Across the country, millions of people are living in communities of concentrated poverty, including 26 percent of all Black children. The Biden administration should again implement the 2015 Affirmatively Furthering Fair Housing rule, which required localities that receive federal funds for housing to investigate and address barriers to fair housing and patterns or practices that promote bias. In 1980, the average Black person lived in a neighborhood that was 62 percent Black and 31 percent white. By 2010, the average Black person's neighborhood was 48 percent Black and 34 percent white.

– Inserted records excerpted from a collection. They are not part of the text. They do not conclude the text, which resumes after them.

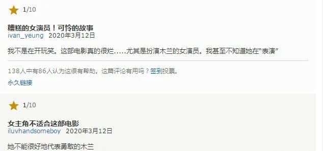好口碑的背后《花木兰》竟收到了漫天的一星差评?
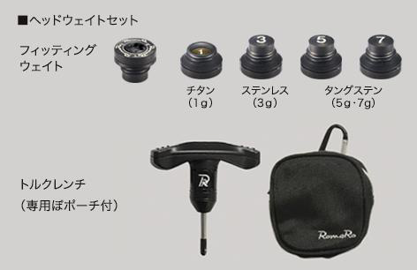 ヘッド重量、バランス調整はもちろん、微妙なつかまり感をカスタムできるフィッティングウェイト。標準ヘッドにタングステン5gを装着。ボディはソフトステンレス、ロフト角・ライ角の調整も可能。
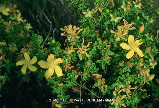 Estepa joana (Hypericum balearicum). Se cría en lugares secos y pedregosos de la maquía y encinares aclarados.

Reinstating the Obama-era Fair Housing Rule will combat this ongoing segregation and set us on a path to true integration.

Congress should also pass the American Housing and Economic Mobility Act, or a similar measure, to finally redress the legacy of redlining and break down the walls of segregation once and for all.

Broadband Access

To realize broadband's potential to benefit our democracy and connect us to one another, all people in the United States must have equal access and broadband must be made affordable for the most vulnerable. Yet today, 15 percent of American households with school-age children do not have subscriptions to any form of broadband, including one-quarter of Black households (an additional 23 percent of African Americans are “smartphone-only" internet users, meaning they lack traditional home broadband service but do own a smartphone, which is insufficient to attend class, do homework, or apply for a job). The Biden administration, Federal Communications Commission, and Congress must develop and implement plans to increase funding for broadband to expand universal access.

Enhanced, Refundable Child Tax Credits

The United States faces a crisis of child poverty. Seventeen percent of all American children are impoverished — a rate higher than not just peer nations like Canada and the U.K., but Mexico and Russia as well. Currently, more than 50 percent of Black and Latinx children in the U.S. do not qualify for the full benefit, compared to 23 percent of white children, and nearly one in five Black children do not receive any credit at all.

To combat this crisis, President Biden and Congress should enhance the child tax credit and make it fully refundable. If we enhance the child tax credit, we can cut child poverty by 40 percent and instantly lift over 50 percent of Black children out of poverty.


We cannot repair harms that we have not fully diagnosed. We must commit to a thorough examination of the impact of the legacy of chattel slavery on racial inequality today. In 2021, Congress must pass H.R. 40, which would establish a commission to study reparations and make recommendations for Black Americans.

The Long View

For the past century, the ACLU has fought for racial justice in legislatures and in courts, including through several landmark Supreme Court cases. While the court has not always ruled in favor of racial justice, incremental wins throughout history have helped to chip away at different forms of racism such as school segregation ( Brown v. Board), racial bias in the criminal legal system (Powell v. Alabama, i.e. the Scottsboro Boys), and marriage inequality (Loving v. Virginia). While these landmark victories initiated necessary reforms, they were only a starting point.

Systemic racism continues to pervade the lives of Black people through voter suppression, lack of financial services, housing discrimination, and other areas. More than anything, doing this work has taught the ACLU that we must fight on every front in order to overcome our country's legacies of racism. That is what our Systemic Equality agenda is all about.

In the weeks ahead, we will both expand on our views of why these campaigns are crucial to systemic equality and signal the path this country must take. We will also dive into our work to build organizing, advocacy, and legal power in the South — a region with a unique history of racial oppression and violence alongside a rich history of antiracist organizing and advocacy. We are committed to four principles throughout this campaign: reconciliation, access, prosperity, and empowerment. We hope that our actions can meet our ambition to, as Dr. King said, lead this nation to live out the true meaning of its creed.